How to write this regular expression? Answers from experts! The code in a webpage is as follows:
testtesttesttesttesttestt testtesttest
testtesttesttesttesttesttesttesttest
testtesttesttesttesttestt
testtesttest
testtesttesttesttesttesttesttesttest
testtesttesttesttesttestt
testtesttest
testtesttesttesttesttesttesttesttest
testtesttesttesttesttestt testtesttest
testtesttesttesttesttesttesttesttest
...
We noticed that no class = "1", class = "2", class = "3 ",... it is regular, but the previous labels are not regular, sometimes span, sometimes p. what I want is to use php to write regular expressions to get class = "1 ", class = "2", class = "3 ",... the regular expression is hard to learn. I have tried it for half a day and cannot write it out!
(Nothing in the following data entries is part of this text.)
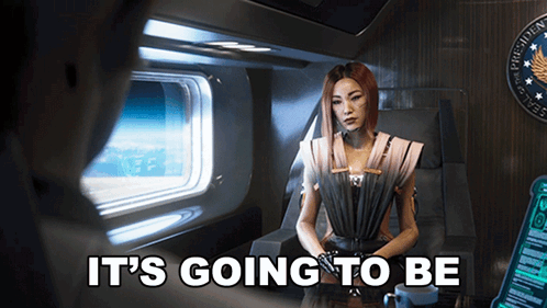 A character from Cyberpunk 2077 Phantom Liberty states, 'It's going to be a long flight!' in a futuristic setting.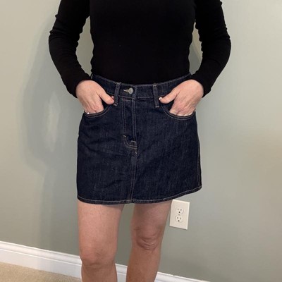 A: Hello Erin - Thank you for your Question about Women's Mid-Rise Denim Mini Skirt. See skirt lengths below by size. This measurement is the total length measured at center back including the waistband. Center back skirt length by size: 0: 15.375” 2: 15.5” 4: 15.625” 6: 15.75” 8: 15.875” 10: 16” 12: 16.125” 14: 16.25” 16: 16.375 17: 17.5” 18: 18” 20: 18.375” 22: 18.75” 24: 19.125” 26: 19.5” 28: 19.875”. I hope this helps - Sam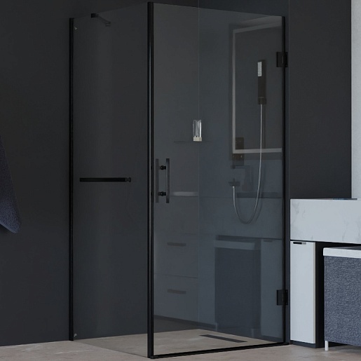 RGW Душевой уголок Hotel HO-045-1B (HO-011B + Z-060-2B + O-204B) 90x90 профиль черный стекло прозрачное

Reply to discussion (solution)
Html or xml has a special dom api, especially the html with nested tags. try not to use regular expressions to obtain them, especially php regular expressions. this involves regular recursion, even if php can have a regular expression balancing Group provided by other languages, it is best not to use it.
<(Span | p) \ s + class = \ "\ d \"> \ s + (.*?) <\/H3> \ s + \ S *(.*?) \ S * <\/p> \ s * <\/(span | p)>
Thank you for your answers!
$s =<<< TXT testtesttesttesttesttestt testtesttest
testtesttesttesttesttesttesttesttest
testtesttesttesttesttestt
testtesttest
testtesttesttesttesttesttesttesttest
testtesttesttesttesttestt
testtesttest
testtesttesttesttesttesttesttesttest
testtesttesttesttesttestt testtesttest
testtesttesttesttesttesttesttesttest
TXT;
Solution 1
include 'phpquery.php';$doc = phpQuery::newDocument($s);echo $doc->find('.1')->html();echo pq('.2')->html();
Get
testtesttesttesttesttestt testtesttest
testtesttesttesttesttesttesttesttest
testtesttesttesttesttestt testtesttest
testtesttesttesttesttesttesttesttest
Solution 2
include 'html_document.php';$p = new html_document( $s, 0);foreach($p->find('.\d') as $v) { echo "$v->innerHTML\n";}
Get
testtesttesttesttesttestt testtesttest
testtesttesttesttesttesttesttesttest
testtesttesttesttesttestt testtesttest
testtesttesttesttesttesttesttesttest
testtesttesttesttesttestt testtesttest
testtesttesttesttesttesttesttesttest
testtesttesttesttesttestt testtesttest
testtesttesttesttesttesttesttesttest
Thanks to the moderator, I have already pasted it.